RAW DATA |
##########
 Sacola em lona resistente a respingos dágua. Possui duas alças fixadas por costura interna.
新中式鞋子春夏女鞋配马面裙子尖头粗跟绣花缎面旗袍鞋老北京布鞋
##########
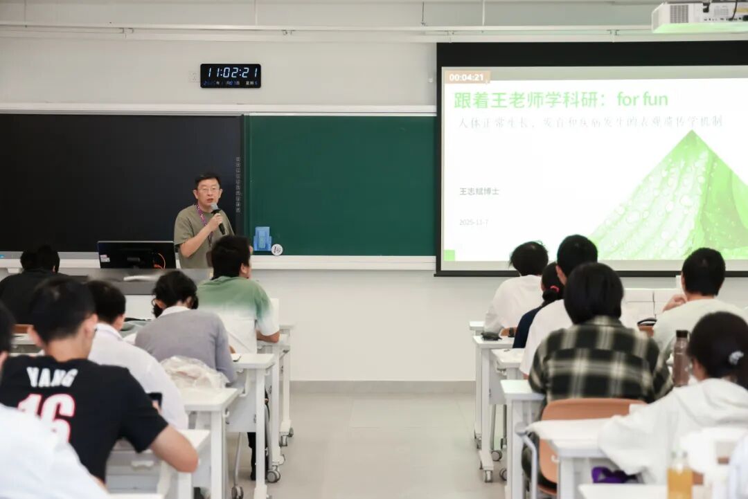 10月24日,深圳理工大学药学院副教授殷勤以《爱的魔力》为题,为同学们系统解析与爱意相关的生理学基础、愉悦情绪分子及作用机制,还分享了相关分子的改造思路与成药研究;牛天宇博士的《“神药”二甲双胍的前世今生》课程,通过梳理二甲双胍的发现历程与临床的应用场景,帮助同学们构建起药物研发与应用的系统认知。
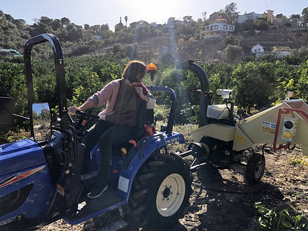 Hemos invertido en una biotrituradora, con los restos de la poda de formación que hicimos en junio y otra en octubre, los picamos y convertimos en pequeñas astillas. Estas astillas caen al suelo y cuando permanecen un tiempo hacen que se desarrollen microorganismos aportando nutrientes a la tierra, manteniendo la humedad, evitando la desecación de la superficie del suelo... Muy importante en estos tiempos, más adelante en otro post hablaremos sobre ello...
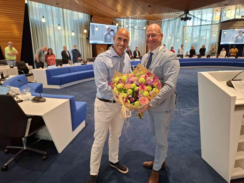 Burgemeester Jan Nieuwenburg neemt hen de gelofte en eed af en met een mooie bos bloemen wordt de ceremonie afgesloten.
##########
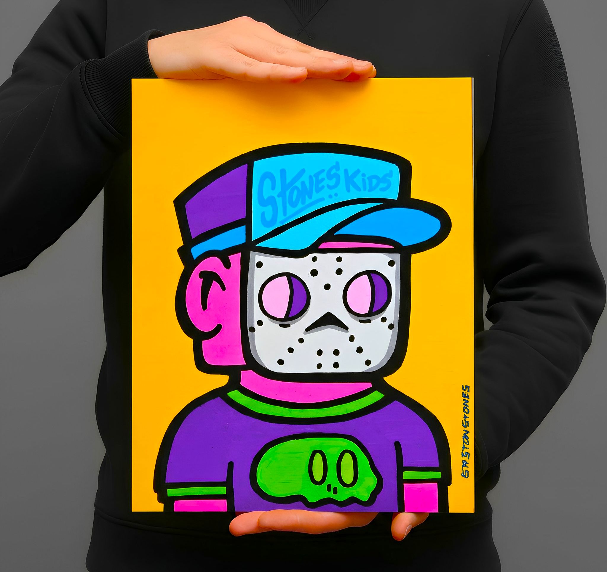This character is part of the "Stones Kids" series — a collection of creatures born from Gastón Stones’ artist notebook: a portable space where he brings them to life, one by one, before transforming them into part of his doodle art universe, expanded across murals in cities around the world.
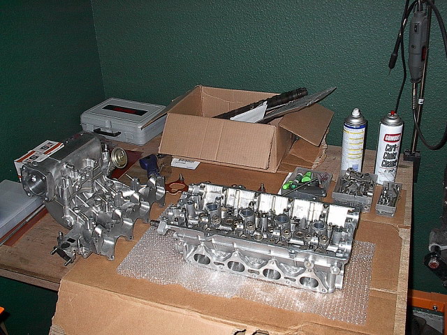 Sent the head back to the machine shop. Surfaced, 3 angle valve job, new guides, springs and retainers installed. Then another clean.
##########
YOUR TASK | Give back exactly the lines above, from the line containing "Sacola em lona" through the line containing "新中式鞋子春夏女鞋配马面裙子尖头粗跟绣花缎面旗袍鞋老北京布鞋", with both end lines and nothing more.

RESPONSE AREA |
 Sacola em lona resistente a respingos dágua. Possui duas alças fixadas por costura interna.
新中式鞋子春夏女鞋配马面裙子尖头粗跟绣花缎面旗袍鞋老北京布鞋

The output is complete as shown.